*Material supplied:*

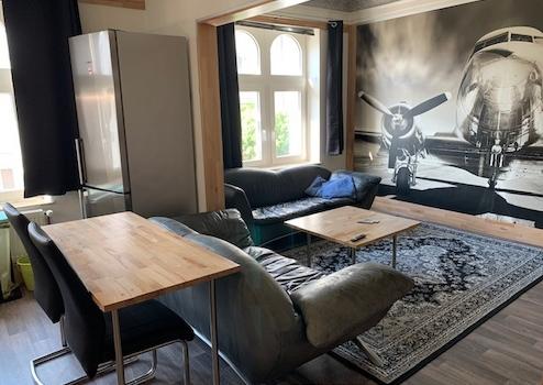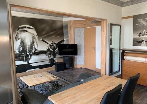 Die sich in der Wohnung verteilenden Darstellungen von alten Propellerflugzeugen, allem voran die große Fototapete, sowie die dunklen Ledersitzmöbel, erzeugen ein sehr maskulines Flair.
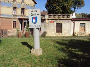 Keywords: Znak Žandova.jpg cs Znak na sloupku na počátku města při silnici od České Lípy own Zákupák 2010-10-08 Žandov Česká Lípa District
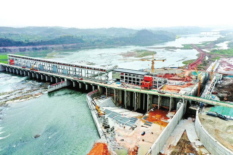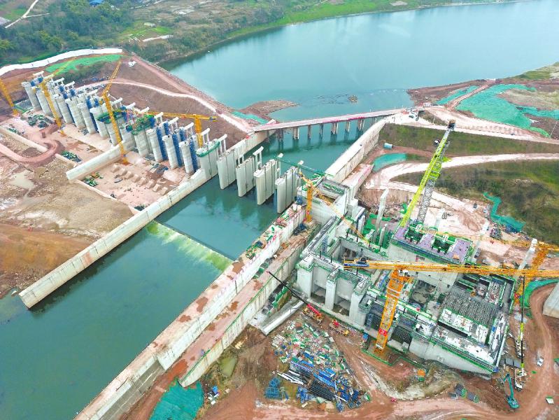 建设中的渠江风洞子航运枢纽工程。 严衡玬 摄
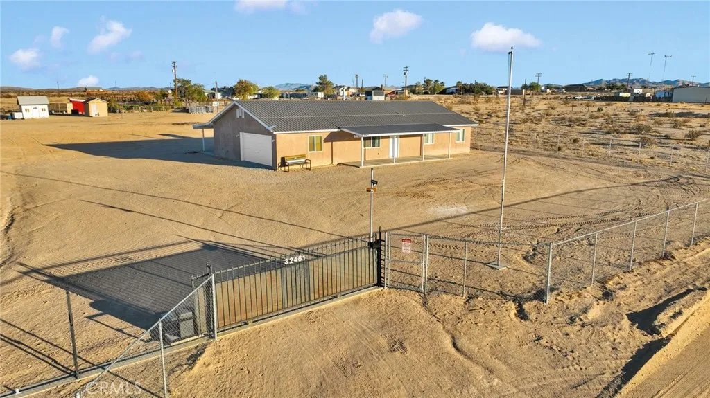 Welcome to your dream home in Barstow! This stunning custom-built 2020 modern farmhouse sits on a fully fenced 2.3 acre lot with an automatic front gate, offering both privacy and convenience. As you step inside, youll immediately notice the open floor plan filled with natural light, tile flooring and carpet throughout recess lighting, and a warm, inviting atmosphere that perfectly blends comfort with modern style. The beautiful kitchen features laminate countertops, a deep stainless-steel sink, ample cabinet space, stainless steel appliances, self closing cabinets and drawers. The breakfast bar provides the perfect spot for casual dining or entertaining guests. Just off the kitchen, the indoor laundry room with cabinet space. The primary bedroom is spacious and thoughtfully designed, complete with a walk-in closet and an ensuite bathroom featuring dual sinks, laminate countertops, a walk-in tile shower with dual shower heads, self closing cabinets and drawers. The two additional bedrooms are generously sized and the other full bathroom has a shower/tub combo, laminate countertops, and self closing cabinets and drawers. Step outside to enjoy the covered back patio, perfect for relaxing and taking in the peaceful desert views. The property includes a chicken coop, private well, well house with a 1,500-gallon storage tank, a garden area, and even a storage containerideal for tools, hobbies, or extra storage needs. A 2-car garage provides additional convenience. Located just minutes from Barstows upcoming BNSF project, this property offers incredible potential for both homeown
--
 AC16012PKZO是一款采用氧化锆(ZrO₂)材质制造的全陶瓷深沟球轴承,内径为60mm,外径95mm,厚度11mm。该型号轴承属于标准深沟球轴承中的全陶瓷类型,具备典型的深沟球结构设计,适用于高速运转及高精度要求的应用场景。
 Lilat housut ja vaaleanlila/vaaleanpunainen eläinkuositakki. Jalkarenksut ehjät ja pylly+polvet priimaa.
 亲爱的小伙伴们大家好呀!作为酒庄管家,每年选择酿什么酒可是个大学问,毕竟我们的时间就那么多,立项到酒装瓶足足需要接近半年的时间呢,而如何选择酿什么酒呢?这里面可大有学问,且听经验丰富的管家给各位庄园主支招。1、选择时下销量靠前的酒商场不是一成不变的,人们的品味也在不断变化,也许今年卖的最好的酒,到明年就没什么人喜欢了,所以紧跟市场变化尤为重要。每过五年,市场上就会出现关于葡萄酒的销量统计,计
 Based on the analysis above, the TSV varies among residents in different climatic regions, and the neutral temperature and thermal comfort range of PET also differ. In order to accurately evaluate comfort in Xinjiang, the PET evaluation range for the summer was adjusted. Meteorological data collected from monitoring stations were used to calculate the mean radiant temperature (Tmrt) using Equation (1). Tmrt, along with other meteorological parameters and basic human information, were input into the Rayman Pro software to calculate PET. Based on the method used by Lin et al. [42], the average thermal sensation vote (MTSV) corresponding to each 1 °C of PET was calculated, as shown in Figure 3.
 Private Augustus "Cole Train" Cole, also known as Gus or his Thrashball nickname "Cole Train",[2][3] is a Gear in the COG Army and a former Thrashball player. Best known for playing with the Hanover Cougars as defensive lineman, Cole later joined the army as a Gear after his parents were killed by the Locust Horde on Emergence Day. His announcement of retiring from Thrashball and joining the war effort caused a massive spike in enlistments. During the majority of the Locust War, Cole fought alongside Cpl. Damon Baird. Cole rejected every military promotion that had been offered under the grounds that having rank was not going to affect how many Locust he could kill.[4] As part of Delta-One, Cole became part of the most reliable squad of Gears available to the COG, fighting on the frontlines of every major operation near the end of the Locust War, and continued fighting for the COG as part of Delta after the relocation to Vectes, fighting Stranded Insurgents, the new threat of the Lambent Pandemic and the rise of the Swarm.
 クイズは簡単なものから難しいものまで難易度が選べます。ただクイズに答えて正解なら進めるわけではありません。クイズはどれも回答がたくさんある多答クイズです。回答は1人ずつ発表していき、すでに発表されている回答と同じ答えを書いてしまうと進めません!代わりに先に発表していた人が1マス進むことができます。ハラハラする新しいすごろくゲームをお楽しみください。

*Your task:*
Starting with the line that holds "AC16012PKZO是一款" and ending with the line that holds "Based on the analysis", retype every line in the data above exactly, and nothing else.

*Solution to this problem:*
 AC16012PKZO是一款采用氧化锆(ZrO₂)材质制造的全陶瓷深沟球轴承,内径为60mm,外径95mm,厚度11mm。该型号轴承属于标准深沟球轴承中的全陶瓷类型,具备典型的深沟球结构设计,适用于高速运转及高精度要求的应用场景。
 Lilat housut ja vaaleanlila/vaaleanpunainen eläinkuositakki. Jalkarenksut ehjät ja pylly+polvet priimaa.
 亲爱的小伙伴们大家好呀!作为酒庄管家,每年选择酿什么酒可是个大学问,毕竟我们的时间就那么多,立项到酒装瓶足足需要接近半年的时间呢,而如何选择酿什么酒呢?这里面可大有学问,且听经验丰富的管家给各位庄园主支招。1、选择时下销量靠前的酒商场不是一成不变的,人们的品味也在不断变化,也许今年卖的最好的酒,到明年就没什么人喜欢了,所以紧跟市场变化尤为重要。每过五年,市场上就会出现关于葡萄酒的销量统计,计
 Based on the analysis above, the TSV varies among residents in different climatic regions, and the neutral temperature and thermal comfort range of PET also differ. In order to accurately evaluate comfort in Xinjiang, the PET evaluation range for the summer was adjusted. Meteorological data collected from monitoring stations were used to calculate the mean radiant temperature (Tmrt) using Equation (1). Tmrt, along with other meteorological parameters and basic human information, were input into the Rayman Pro software to calculate PET. Based on the method used by Lin et al. [42], the average thermal sensation vote (MTSV) corresponding to each 1 °C of PET was calculated, as shown in Figure 3.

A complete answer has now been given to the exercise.